This One Time In Sicily, And Other Travel Surprises
Picture it: Sicily, 2012.
KPLU travel expert Matthew Brumley is in Palermo, checking in to a B&B for the night. They tell him the room has low ceilings.
“And that’s OK,” he said. “I’m not a tall guy.”
An older woman in a flower-print dress leads him up some winding stairs, to the very top of the old house.
“And there’s this little door that’s about three feet high,” Brumley said. “The ceiling was about five-and-a-half-feet tall. They’d cut down the chairs and the legs of the bed to the point where it looked like a normal room … but it wasn’t.”
Surprises can happen when you travel. Maybe you saw the website that said “Ocean views!” but missed the fine print that added “just down the street.”
Or perhaps “free internet” isn’t wifi, but actually a 15-year-old computer in the lobby.
Don’t worry. There are ways to cope.
Your best weapon is a pre-emptive strike. Know where you’re going and be careful about the promises and guarantees made. Also, ratings services like TripAdvisor useful, but it’s important to know what category you’re looking at.
“A lot of people will just want to stay in the No. 1 place (listed),” Brumley said. “They’re not paying attention to whether that No. 1 place is a youth hostel or a grand hotel on the beach.”
There’s nothing wrong with the former, unless you’re expecting the latter.
Review Carefully, Too
It’s tempting, when faced with disappointment, to take out one’s angst on social media sites like Facebook and twitter, or to write an angry review on a website like Yelp.
Think before you type, Brumley said.
“You can destroy a small, family-run hotel by writing a couple bad reviews,” he said.
Make sure you’re reviewing your experience based on how well a place fulfilled what it promised.
Courtesy Solves Problems
So, you showed up at the motel, but you could have sworn it said “hotel” when you booked.

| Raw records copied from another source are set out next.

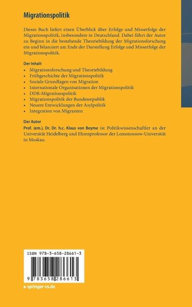 Dieses Buch liefert einen Überblick über Erfolge und Misserfolge der Migrationspolitik, insbesondere in Deutschland. Dabei führt der Autor zu Beginn in die bestehende Theoriebildung der Migrationsforschung ein und bilanziert am Ende der Darstellung Erfolge und Misserfolge der Migrationspolitik.
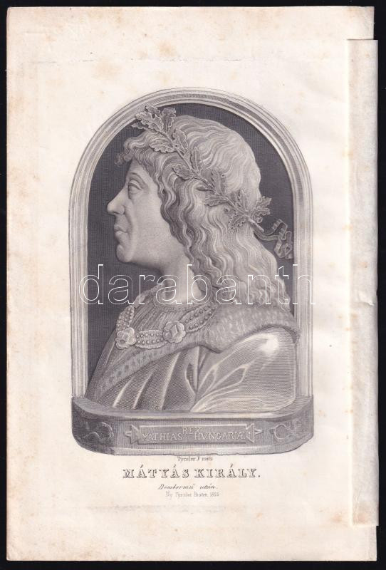 1855 Tyroler József (1822-1854): Rex Mathias Hungariae Mátyás Király, acélmetszet, papír, jelzett a nyomaton, Pest, Tyroler-ny., védő hártyapapírral, a felületén kis foltokkal, 21x14 cm
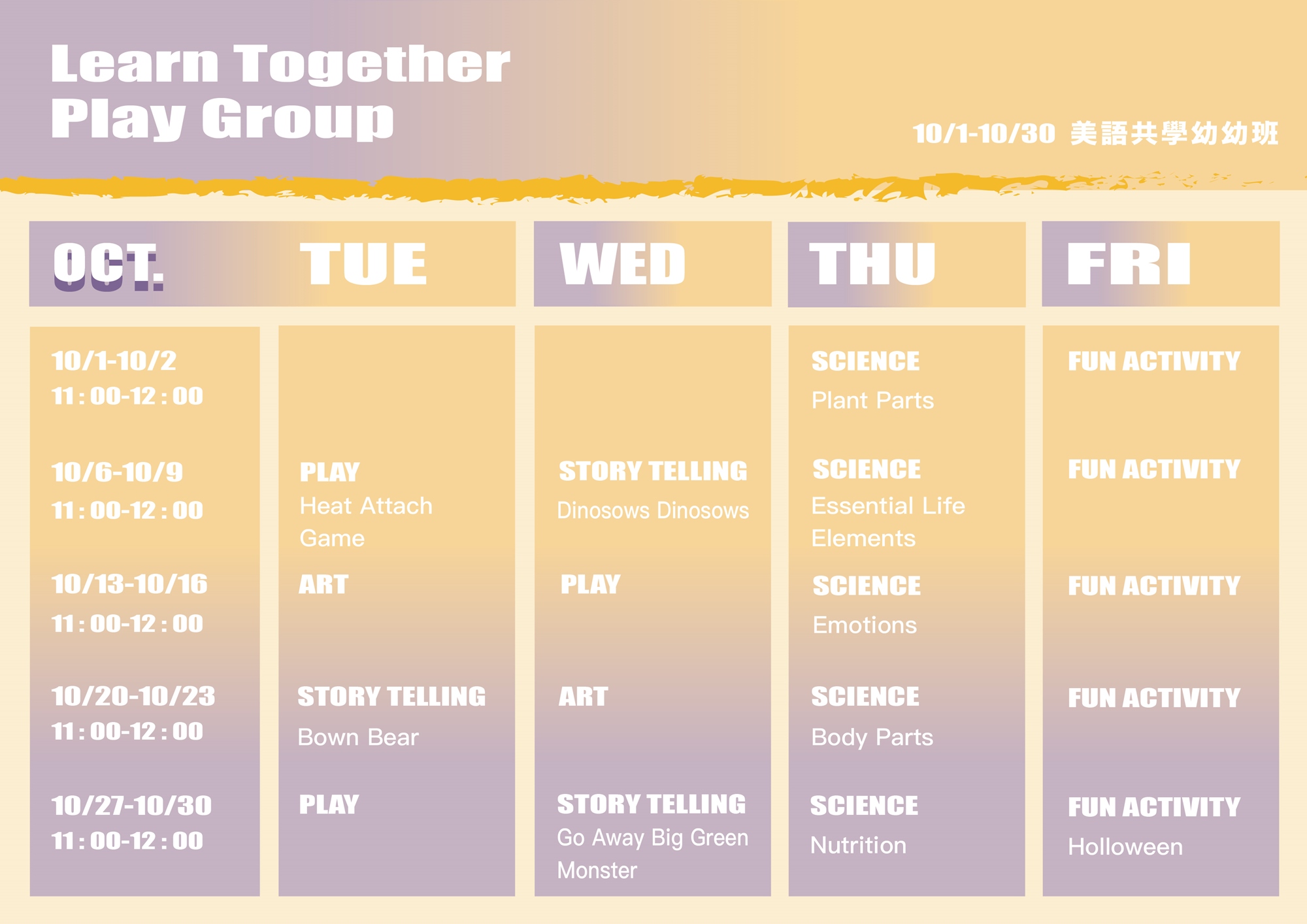 Brandon 與Karin 在3年前從紐約搬回台灣,在長子 Lucas出生後,他們決定在台灣定居,找尋各式的共學課程裡,身為台灣人的 Karin覺得,如果在中文生活環境裡,如果也能讓 Lucas 也有美語的共學玩伴,應該也是一件很酷的事。

You pictured a full-service resort, and ended up at a motor lodge.
You’re going to get much farther if you set aside your frustration.
“Have a nice conversation with the owners (about the problem),” Brumley said. “Most hotel owners would much prefer to negotiate with you than receive a nasty review.”
The bottom line, Brumley said, is to be ready to roll with some punches. No one wants to be disappointed, but if you pack your sense of humor, you’ll be much better equipped to deal with the unexpected.